使用卷積神經網絡做回歸任務

本文轉載自查看原文 2017-01-15 21:20 19127

Caffe應該是目前深度學習領域應用最廣泛的幾大框架之一了，尤其是視覺領域。絕大多數用Caffe的人，應該用的都是基於分類的網絡，但有的時候也許會有基於回歸的視覺應用的需要，查了一下Caffe官網，還真沒有很現成的例子。這篇舉個簡單的小例子說明一下如何用Caffe和卷積神經網絡（CNN: Convolutional Neural Networks）做基於回歸的應用。

原理

最經典的CNN結構一般都是幾個卷積層，后面接全連接（FC: Fully Connected）層，最后接一個Softmax層輸出預測的分類概率。如果把圖像的矩陣也看成是一個向量的話，CNN中無論是卷積還是FC，就是不斷地把一個向量變換成另一個向量（事實上對於單個的filter/feature channel，Caffe里最基礎的卷積實現就是向量和矩陣的乘法：Convolution in Caffe: a memo），最后輸出就是一個把制定分類的類目數作為維度的概率向量。因為神經網絡的風格算是黑盒子學習，所以很直接的想法就是把最后輸出的向量的值直接拿來做回歸，最后優化的目標函數不再是cross entropy等，而是直接基於實數值的誤差。

EuclideanLossLayer

Caffe內置的EuclideanLossLayer就是用來解決上面提到的實值回歸的一個辦法。
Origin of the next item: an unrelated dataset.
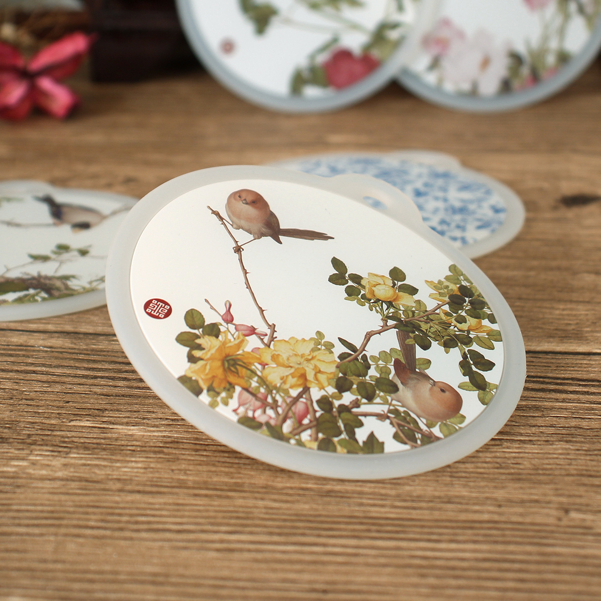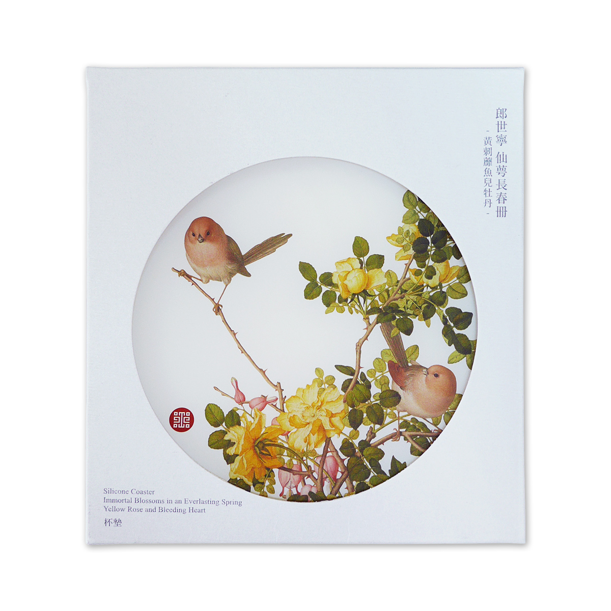 本商品創意來自於國立故宮博物院「清郎世寧畫仙萼長春 冊 黃刺蘼魚兒牡丹」。取其做成矽膠杯墊,將此經典作品融入現代的日常生活中。

EuclideanLossLayer計算如下的誤差：

\begin{align}\notag \frac 1 {2N} \sum_{i=1}^N \| x^1_i - x^2_i \|_2^2\end{align}

所以很簡單，把標注的值和網絡計算出來的值放到EuclideanLossLayer比較差異就可以了。

給圖像混亂程度打分的簡單例子

用一個給圖像混亂程度打分的簡單例子來說明如何使用Caffe和EuclideanLossLayer進行回歸。

生成基於Ising模型的數據

這里采用統計物理里非常經典的Ising模型的模擬來生成圖片，Ising模型可能是統計物理里被人研究最多的模型之一，不過這篇不是講物理，就略過細節，總之基於這個模型的模擬可以生成如下的圖片：

圖片中第一個字段是編號，第二個字段對應的分數可以大致認為是圖片的有序程度，范圍0~1，而這個例子要做的事情就是用一個CNN學習圖片的有序程度並預測。

生成圖片的Python腳本源於Monte Carlo Simulation of the Ising Model using Python，基於Metropolis算法對Ising模型的模擬，做了一些並行和隨機生成圖片的修改，在每次模擬的時候隨機取一個時間（1e3到1e7之間）點輸出到圖片，代碼如下：

import os
import sys
import datetime

from multiprocessing import Process

import numpy as np
from matplotlib import pyplot

LATTICE_SIZE = 100
SAMPLE_SIZE = 12000
STEP_ORDER_RANGE = [3, 7]
SAMPLE_FOLDER = 'samples'

#----------------------------------------------------------------------#
#   Check periodic boundary conditions
#----------------------------------------------------------------------#
def bc(i):
    if i+1 > LATTICE_SIZE-1:
        return 0
    if i-1 < 0:
        return LATTICE_SIZE - 1
    else:
        return i

#----------------------------------------------------------------------#
#   Calculate internal energy
#----------------------------------------------------------------------#
def energy(system, N, M):
    return -1 * system[N,M] * (system[bc(N-1), M] \
                               + system[bc(N+1), M] \
                               + system[N, bc(M-1)] \
                               + system[N, bc(M+1)])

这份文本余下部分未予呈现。